▶ _Data excerpt_
»»

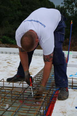 Die einzelnen Stahlkäfige werden mit der Rödelzange und Draht verrödelt, damit sie sich vor dem Betonieren nicht mehr verschieben können.
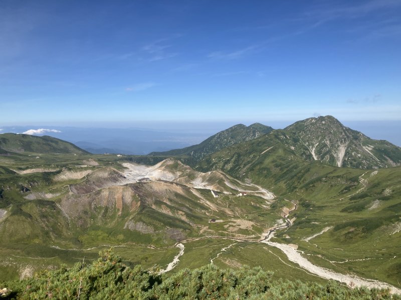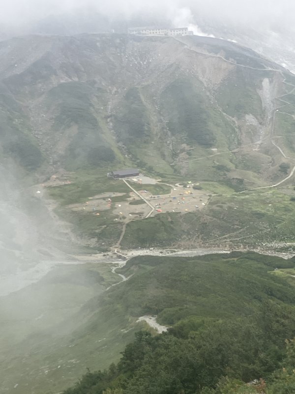10:50 少し登って振り返ると、雷鳥沢キャンプ場が小さく見えました。
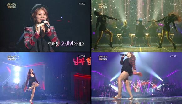 에일리는 14일 방송된 KBS 2TV '불후의 명곡, 전설을 노래하다'에서 남진의 곡 '빈 잔'을 부르며 섹시한 매력을 물씬 풍겼다. 다리를 벌리고 의자에 앉은 자세로 노래를 시작한 에일리는 마술사 모자와 지팡이를 소품으로 활용해 아찔한 무대를 이어갔다.

««

▶ _What you need to do_
Repeat the whole listing above word for word. Leave out the pictures.

▶ _Response box_
 Die einzelnen Stahlkäfige werden mit der Rödelzange und Draht verrödelt, damit sie sich vor dem Betonieren nicht mehr verschieben können.
10:50 少し登って振り返ると、雷鳥沢キャンプ場が小さく見えました。
 에일리는 14일 방송된 KBS 2TV '불후의 명곡, 전설을 노래하다'에서 남진의 곡 '빈 잔'을 부르며 섹시한 매력을 물씬 풍겼다. 다리를 벌리고 의자에 앉은 자세로 노래를 시작한 에일리는 마술사 모자와 지팡이를 소품으로 활용해 아찔한 무대를 이어갔다.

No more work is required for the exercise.